No matter what you say about your business and its worth, you have a vested interest in doing so and your prospective customers know it so they often discount your claims. Customers tend to give their unfiltered opinion no matter what, which is truly valuable and important for its impact on prospective buyers. It’s just more believable. A satisfied customer is likely your biggest advocate, and consumers listen to one another. So – incentivize your customers to write reviews online, or allow them to give feedback, or even run loyalty schemes where customers gain free items or credit if they refer another person to your services. You’d be amazed just how well this can work in the long run, and how word-of-mouth marketing can spread without additional costs to your firm. In the long run, this can turn a business and its image from good to great.

Stop talking about your products all the time

You’re just not that interesting to the average consumer so don’t fill your promotions with talk about your brand. Instead, focus on providing value to your target market. By sharing valuable insights and information or providing entertainment, you capture the attention of your market and cut through the noise of other brands who insist on talking about themselves, saying the same things over and over again.

Be unique

Remember that noise comes from the lack of distinction between your brand and its competition. Stand out as something distinctly different from competing brands with a consistent color palette that sets you apart from your competitors (John Deere patented their shade of green to ensure no other brand can look like their products), avoid overused fonts such as Arial and New Times Roman, create compelling images rather than using the same tired stock images, and use these elements consistently everywhere you promote your brand. For instance, everything about Starbucks reinforces its branding from the aprons worn by workers to the signs to the cups.

Focus on not only being unique but standing out with attractive images that command attention and short, snappy text that makes reading inviting.

Don’t flood your target with promotions

JC Penneys found that their constant sales every week trained shoppers to only buy products when they were on sale and reduced profitability. Use promotions sparingly to avoid such effects.

The same goes for your other promotional efforts.
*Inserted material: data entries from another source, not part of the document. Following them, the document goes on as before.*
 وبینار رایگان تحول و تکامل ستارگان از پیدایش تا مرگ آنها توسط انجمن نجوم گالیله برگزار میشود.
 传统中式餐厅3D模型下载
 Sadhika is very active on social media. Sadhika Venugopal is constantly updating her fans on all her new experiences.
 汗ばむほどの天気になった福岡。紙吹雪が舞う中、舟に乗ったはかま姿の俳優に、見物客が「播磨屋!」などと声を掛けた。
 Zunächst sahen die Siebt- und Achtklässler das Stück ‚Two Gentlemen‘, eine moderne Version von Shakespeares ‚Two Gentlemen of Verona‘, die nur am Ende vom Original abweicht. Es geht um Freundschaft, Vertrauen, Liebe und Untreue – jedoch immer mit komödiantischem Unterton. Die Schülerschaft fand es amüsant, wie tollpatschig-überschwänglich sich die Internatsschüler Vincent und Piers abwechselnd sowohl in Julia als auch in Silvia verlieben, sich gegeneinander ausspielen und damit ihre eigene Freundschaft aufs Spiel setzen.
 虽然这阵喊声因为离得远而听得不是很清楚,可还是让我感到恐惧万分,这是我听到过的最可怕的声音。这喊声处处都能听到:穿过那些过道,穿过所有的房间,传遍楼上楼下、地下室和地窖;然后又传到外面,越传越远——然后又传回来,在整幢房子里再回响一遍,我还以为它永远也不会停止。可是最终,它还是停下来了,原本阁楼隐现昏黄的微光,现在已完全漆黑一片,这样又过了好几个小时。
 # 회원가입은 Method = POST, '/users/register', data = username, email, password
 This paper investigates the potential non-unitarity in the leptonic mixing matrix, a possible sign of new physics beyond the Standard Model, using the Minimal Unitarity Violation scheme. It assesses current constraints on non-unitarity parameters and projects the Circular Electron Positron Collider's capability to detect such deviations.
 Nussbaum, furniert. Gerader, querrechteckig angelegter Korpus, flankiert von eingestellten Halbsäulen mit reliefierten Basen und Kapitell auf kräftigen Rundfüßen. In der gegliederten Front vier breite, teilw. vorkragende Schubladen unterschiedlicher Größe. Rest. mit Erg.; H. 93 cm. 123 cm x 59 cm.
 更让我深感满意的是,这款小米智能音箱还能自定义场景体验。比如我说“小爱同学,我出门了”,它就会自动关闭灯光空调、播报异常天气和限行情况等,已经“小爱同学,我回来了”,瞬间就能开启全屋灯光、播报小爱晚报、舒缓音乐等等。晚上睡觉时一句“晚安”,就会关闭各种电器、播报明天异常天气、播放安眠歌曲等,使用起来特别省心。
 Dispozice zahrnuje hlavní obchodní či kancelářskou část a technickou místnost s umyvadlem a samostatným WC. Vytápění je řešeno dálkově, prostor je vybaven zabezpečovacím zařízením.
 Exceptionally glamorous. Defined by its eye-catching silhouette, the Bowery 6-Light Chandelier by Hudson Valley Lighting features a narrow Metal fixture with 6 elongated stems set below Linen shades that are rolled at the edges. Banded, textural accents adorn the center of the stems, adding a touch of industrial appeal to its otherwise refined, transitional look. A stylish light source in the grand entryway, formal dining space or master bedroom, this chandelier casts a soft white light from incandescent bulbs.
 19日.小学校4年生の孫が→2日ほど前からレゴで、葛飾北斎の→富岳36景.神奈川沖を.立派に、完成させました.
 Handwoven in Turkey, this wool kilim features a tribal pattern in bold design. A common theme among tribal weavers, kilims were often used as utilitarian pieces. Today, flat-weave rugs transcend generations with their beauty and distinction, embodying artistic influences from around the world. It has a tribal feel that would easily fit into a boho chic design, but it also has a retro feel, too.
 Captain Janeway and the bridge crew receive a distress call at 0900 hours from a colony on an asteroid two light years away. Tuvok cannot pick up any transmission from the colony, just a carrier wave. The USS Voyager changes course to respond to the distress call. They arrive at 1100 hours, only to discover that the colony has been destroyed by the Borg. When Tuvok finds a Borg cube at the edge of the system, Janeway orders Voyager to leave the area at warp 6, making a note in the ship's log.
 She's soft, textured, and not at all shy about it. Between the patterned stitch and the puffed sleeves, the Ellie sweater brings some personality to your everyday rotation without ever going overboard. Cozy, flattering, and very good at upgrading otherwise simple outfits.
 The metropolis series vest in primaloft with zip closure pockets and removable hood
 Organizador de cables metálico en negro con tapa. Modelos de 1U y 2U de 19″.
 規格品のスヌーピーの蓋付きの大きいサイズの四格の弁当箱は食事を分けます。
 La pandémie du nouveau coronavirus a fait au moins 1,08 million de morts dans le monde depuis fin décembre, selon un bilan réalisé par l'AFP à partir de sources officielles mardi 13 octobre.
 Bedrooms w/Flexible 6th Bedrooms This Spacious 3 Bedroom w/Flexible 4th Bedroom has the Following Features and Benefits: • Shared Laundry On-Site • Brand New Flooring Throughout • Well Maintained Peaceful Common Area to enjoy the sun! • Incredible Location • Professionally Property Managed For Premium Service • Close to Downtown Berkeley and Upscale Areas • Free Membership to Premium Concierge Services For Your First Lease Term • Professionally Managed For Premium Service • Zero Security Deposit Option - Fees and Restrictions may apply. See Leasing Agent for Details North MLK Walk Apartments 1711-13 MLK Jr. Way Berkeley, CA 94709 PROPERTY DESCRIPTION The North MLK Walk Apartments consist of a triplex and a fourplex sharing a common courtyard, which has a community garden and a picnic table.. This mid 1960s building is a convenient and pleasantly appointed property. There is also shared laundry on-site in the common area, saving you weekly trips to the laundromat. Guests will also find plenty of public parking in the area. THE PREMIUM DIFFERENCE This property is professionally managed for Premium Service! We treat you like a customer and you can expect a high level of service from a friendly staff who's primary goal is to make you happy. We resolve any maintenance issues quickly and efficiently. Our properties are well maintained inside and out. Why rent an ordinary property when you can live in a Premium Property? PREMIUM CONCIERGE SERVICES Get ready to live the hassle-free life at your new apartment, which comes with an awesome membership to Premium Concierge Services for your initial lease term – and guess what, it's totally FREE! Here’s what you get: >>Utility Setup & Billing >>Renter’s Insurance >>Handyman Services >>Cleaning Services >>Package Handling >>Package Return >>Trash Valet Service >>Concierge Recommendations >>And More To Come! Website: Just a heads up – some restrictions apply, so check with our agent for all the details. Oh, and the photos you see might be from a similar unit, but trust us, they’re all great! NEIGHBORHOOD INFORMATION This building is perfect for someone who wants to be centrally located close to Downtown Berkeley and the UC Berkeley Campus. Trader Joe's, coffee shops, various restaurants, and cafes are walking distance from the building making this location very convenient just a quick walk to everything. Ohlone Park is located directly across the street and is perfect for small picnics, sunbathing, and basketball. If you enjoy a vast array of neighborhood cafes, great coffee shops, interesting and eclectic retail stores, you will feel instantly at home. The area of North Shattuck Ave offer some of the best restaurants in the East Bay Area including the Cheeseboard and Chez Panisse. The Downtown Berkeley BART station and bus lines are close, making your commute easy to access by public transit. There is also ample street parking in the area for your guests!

Stick to established norms for how frequently to post, shown below, rather than inundating your target with too many promotions.

optimal post frequency on social media
Image courtesy of Plug and Play Tech Center

Monitoring and testing

Poor implementation creates noise when your target market doesn’t interpret your message accurately. Testing with actual members of your target market helps identify messaging problems before you flood your market with a promotion. A great example of this messaging issue comes when you use images or words that have a different meaning among members of your target market or they don’t understand them due to cultural differences. For instance, I once worked for an advertising agency in NY. They produced an ad back in 2007 featuring Kanye West. At the time, his fame was limited to younger folks who followed a specific music genre. The ad invited folks to “put a little Kanye” in by purchasing a brand of liquor. The meaning was lost on me, as a middle-aged person because I had no idea, at the time, who he was.


With this advice, you’re sure to find effective marketing methods, away from all the regular noise and bluster.